● **Exercise details**: Your result should be the lines holding the word "with", copied from the entries below.

···

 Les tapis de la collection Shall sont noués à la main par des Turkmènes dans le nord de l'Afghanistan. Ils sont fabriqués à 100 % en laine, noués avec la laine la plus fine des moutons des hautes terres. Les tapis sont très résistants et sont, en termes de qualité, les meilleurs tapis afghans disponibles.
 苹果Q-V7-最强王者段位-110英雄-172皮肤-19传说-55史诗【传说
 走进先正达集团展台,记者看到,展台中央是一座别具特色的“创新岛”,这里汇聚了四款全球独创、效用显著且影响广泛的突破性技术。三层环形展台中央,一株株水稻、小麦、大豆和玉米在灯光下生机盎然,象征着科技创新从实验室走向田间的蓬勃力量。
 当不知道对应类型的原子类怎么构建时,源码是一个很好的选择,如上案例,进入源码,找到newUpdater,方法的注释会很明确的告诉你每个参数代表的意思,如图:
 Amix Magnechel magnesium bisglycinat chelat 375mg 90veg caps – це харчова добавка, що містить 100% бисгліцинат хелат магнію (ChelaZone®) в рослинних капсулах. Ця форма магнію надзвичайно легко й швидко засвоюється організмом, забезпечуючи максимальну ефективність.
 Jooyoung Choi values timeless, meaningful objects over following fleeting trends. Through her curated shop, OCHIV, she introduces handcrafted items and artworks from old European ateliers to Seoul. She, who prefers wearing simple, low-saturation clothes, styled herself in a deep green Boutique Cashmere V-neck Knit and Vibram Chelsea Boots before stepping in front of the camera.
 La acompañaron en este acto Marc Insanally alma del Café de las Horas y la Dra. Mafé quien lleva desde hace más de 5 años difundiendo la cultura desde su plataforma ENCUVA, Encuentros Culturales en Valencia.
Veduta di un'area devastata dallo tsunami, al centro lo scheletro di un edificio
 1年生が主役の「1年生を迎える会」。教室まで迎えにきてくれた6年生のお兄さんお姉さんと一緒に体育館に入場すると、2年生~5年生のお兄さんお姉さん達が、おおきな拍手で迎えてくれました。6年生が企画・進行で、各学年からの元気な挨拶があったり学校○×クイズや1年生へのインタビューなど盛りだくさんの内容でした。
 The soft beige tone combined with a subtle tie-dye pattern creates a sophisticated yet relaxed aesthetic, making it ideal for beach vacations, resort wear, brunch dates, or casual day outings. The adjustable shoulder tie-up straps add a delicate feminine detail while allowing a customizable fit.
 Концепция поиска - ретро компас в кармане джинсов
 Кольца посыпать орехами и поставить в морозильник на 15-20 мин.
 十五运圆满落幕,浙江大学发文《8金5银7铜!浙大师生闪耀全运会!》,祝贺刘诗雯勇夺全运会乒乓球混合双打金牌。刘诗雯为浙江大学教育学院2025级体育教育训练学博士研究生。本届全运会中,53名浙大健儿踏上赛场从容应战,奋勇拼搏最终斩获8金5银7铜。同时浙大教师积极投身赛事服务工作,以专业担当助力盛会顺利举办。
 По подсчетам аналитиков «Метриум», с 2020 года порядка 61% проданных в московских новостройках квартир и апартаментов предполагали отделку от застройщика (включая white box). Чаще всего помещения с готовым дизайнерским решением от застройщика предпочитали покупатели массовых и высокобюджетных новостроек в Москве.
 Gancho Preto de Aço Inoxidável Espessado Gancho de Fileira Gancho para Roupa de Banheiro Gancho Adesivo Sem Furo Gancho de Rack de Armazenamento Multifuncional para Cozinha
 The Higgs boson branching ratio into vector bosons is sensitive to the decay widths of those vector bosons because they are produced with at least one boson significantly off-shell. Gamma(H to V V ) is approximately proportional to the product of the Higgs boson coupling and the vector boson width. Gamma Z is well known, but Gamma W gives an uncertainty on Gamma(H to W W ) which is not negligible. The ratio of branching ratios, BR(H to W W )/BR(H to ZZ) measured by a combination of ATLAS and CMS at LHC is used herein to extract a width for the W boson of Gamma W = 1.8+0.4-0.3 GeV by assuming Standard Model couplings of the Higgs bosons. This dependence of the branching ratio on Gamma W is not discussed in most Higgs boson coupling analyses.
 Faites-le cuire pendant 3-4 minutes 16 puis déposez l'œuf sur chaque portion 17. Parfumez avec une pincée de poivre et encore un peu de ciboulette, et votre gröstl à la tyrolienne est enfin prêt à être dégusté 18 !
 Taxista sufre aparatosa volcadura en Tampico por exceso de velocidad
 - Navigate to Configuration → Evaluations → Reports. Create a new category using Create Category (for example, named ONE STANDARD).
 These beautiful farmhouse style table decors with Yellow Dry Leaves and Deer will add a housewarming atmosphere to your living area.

···

● **Answer to this exercise**:
 The soft beige tone combined with a subtle tie-dye pattern creates a sophisticated yet relaxed aesthetic, making it ideal for beach vacations, resort wear, brunch dates, or casual day outings. The adjustable shoulder tie-up straps add a delicate feminine detail while allowing a customizable fit.
 The Higgs boson branching ratio into vector bosons is sensitive to the decay widths of those vector bosons because they are produced with at least one boson significantly off-shell. Gamma(H to V V ) is approximately proportional to the product of the Higgs boson coupling and the vector boson width. Gamma Z is well known, but Gamma W gives an uncertainty on Gamma(H to W W ) which is not negligible. The ratio of branching ratios, BR(H to W W )/BR(H to ZZ) measured by a combination of ATLAS and CMS at LHC is used herein to extract a width for the W boson of Gamma W = 1.8+0.4-0.3 GeV by assuming Standard Model couplings of the Higgs bosons. This dependence of the branching ratio on Gamma W is not discussed in most Higgs boson coupling analyses.
 These beautiful farmhouse style table decors with Yellow Dry Leaves and Deer will add a housewarming atmosphere to your living area.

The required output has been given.